Bad writing about sex is worse than terrible intercourse. There’s so much horrific writing about sex that in 1993, Britain’s Literary Review posted an annual Bad Sex in Fiction award to “draw attention to the crude, tasteless, regularly perfunctory use of redundant passages of sexual description in the cutting-edge novel, and to deter it.” Well, maybe that’s a moderate exaggeration. But don’t we all groan when encountering a passage with heaving breasts and fiery loins amid an otherwise flawless novel?
As a family newspaper, I can’t provide an excerpt from James Frey’s “Katerina,” winner of the 2018 Bad Sex in Fiction first prize. Here’s a snippet from 2017 runner-up Venetia Welby’s novel, “Mother of Darkness,”: “The inexperienced grass curls around Tera’s left breast as she curves her smooth physique around Matty’s diabolical torso like a vine. Paralyzed, complete, the marble statue of the lovers allows itself to be painted using the dawn’s lurid orange spillage.” Longtime Bay Area novelist and writing teacher Ellen Sussman, creator of “Dirty Words: A Literary Encyclopedia of Sex,” says, “I think that in writing approximately sex, writers can faucet into unexplored territory. They push beneath the surface of relationships, of ardor, of our urges, wants, and desires.”

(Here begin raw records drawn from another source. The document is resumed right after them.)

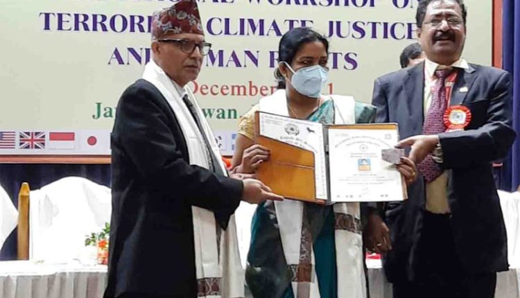 Ms. Mallick, who works as Deputy Nursing Superintendent at the SUM Covid Hospital, received the award from the Minister Counsellor (Political) of Nepal Embassy Mr. Ananda Prasad Sharma, at a function held on Sunday.
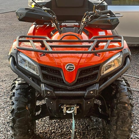 Tökkiikö lumityöt? Myydään vähäisellä käytöllä pihan lumitöissä ollut 2024 vuosimallin CFMoto C Force 520S EPS traktorimönkijä puskulevyllä.
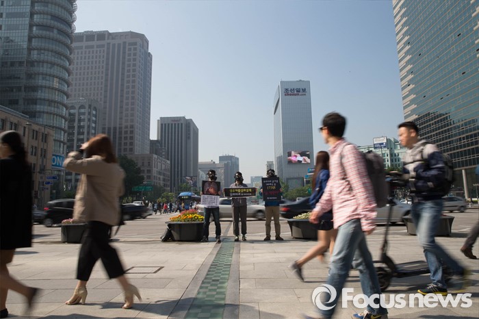 | △ 서울환경연합, 광화문 광장서 방독면 퍼포먼스 |
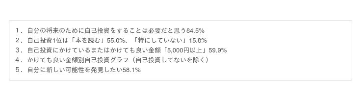 一方で長時間労働是正で得られた後の時間をどう使うのかについて考えることも大切です。今回の調査では、自己投資をテーマにアンケートを行いました。
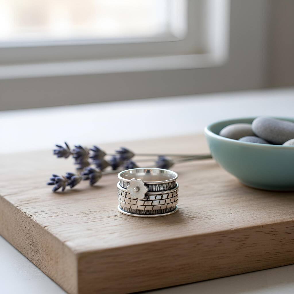 Handmade Sterling Silver Daisy Spinner Ring – Wide Hammered Band
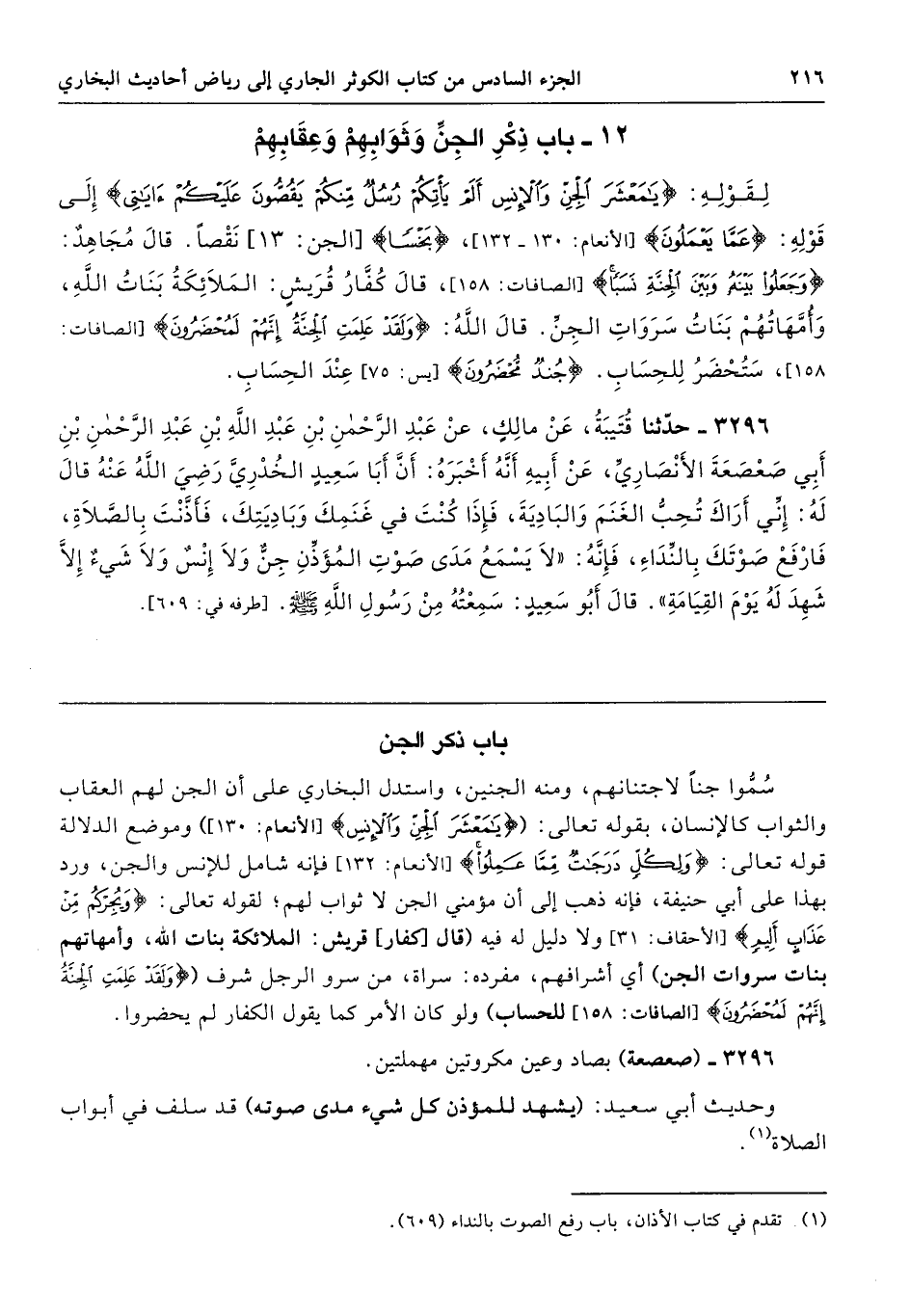 3296 - حَدَّثَنَا قُتَيْبَةُ عَنْ مَالِكٍ عَنْ عَبْدِ الرَّحْمَنِ بْنِ عَبْدِ اللَّهِ بْنِ عَبْدِ الرَّحْمَنِ بْنِ أَبِى صَعْصَعَةَ الأَنْصَارِىِّ عَنْ أَبِيهِ أَنَّهُ أَخْبَرَهُ أَنَّ أَبَا سَعِيدٍ الْخُدْرِىَّ - رضى الله عنه - قَالَ لَهُ «إِنِّى أَرَاكَ تُحِبُّ الْغَنَمَ وَالْبَادِيَةَ، فَإِذَا كُنْتَ فِي غَنَمِكَ وَبَادِيَتِكَ فَأَذَّنْتَ بِالصَّلاَةِ، فَارْفَعْ صَوْتَكَ بِالنِّدَاءِ، فَإِنَّهُ لاَ يَسْمَعُ مَدَى صَوْتِ الْمُؤَذِّنِ جِنٌّ وَلاَ إِنْسٌ وَلاَ شَىْءٌ إِلاَّ شَهِدَ لَهُ يَوْمَ الْقِيَامَةِ». قَالَ أَبُو سَعِيدٍ سَمِعْتُهُ مِنْ رَسُولِ اللَّهِ - صلى الله عليه وسلم -. طرفه 609

Sussman doesn’t turn away from writing approximately intercourse in her novels (“A Night Like This,” “A Wedding in Provence,” “French Lessons,” “The Paradise Guest House”) and explains she tries to study the subject from a slant in place of instantly on. “I try to focus on something aside from the genitals … otherwise, we get into the whole throbbing member aspect.” Sussman makes an amazing point. Elizabeth Benedict, inside the establishing of her book “The Joy of Writing Sex,” charges from a letter Anais Nin wrote to a man paying her $1 a web page to jot down erotic testimonies: “Sex needs to be blended with tears, laughter, words, guarantees, scenes, jealousy, envy, all the spices of fear, foreign tour, new faces, novels, tales, desires, fantasies, tune, dancing, opium, wine.”
So it seems that fine writing comes with a less-is-more technique vis-a-vis the real bodily act and more-is-extra concerning the context. In Kent Haruf’s quiet, lovable “Our Souls at Night,” the two essential characters, 80-somethings, revel in intimacy long before intercourse. And after they eventually do, it’s described with notable restraint — and all the more impactful.

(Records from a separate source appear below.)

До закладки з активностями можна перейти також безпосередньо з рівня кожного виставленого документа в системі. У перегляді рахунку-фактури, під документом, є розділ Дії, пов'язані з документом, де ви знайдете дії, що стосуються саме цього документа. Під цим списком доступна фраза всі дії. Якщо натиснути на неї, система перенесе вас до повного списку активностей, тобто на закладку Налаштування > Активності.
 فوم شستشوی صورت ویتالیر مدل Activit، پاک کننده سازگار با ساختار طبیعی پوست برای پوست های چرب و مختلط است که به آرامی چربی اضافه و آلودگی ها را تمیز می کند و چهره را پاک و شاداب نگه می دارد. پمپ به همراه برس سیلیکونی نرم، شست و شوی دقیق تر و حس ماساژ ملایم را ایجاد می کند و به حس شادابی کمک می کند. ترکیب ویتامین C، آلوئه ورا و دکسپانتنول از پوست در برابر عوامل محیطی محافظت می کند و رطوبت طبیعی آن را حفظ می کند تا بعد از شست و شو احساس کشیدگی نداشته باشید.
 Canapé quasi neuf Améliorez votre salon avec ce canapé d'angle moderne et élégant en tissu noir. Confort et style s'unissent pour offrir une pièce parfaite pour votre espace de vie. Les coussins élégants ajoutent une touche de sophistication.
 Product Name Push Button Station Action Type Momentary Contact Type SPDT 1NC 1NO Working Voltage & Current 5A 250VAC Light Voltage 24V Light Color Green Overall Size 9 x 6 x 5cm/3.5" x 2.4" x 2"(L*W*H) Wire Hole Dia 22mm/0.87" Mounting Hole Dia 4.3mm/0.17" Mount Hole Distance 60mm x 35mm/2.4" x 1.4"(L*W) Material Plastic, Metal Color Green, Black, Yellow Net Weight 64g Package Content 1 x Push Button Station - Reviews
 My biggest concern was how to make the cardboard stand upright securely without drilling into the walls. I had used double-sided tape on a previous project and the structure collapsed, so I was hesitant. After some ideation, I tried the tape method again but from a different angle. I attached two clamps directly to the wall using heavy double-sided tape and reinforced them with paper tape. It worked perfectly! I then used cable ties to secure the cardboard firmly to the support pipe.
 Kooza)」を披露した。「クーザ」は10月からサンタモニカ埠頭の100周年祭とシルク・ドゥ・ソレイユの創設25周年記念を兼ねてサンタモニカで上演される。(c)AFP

Any opinion about the fine of writing about sex relies upon the reader’s orientation. A straight guy reads a sex scene rather than a bisexual lady or a trans person. The same possibly goes for the cultural direction of the reader, although it is debatable that awesome sex writing, like first-rate intercourse, transcends many obstacles. Some of the best, more explicit literary sex I’ve examined is written using homosexual girls. Jeanette Winterson’s “Written at the Body” is one such instance. Also, Dorothy Allison’s “Two or Three Things I Know for Sure” and Sarah Waters’ “Tipping the Velvet.”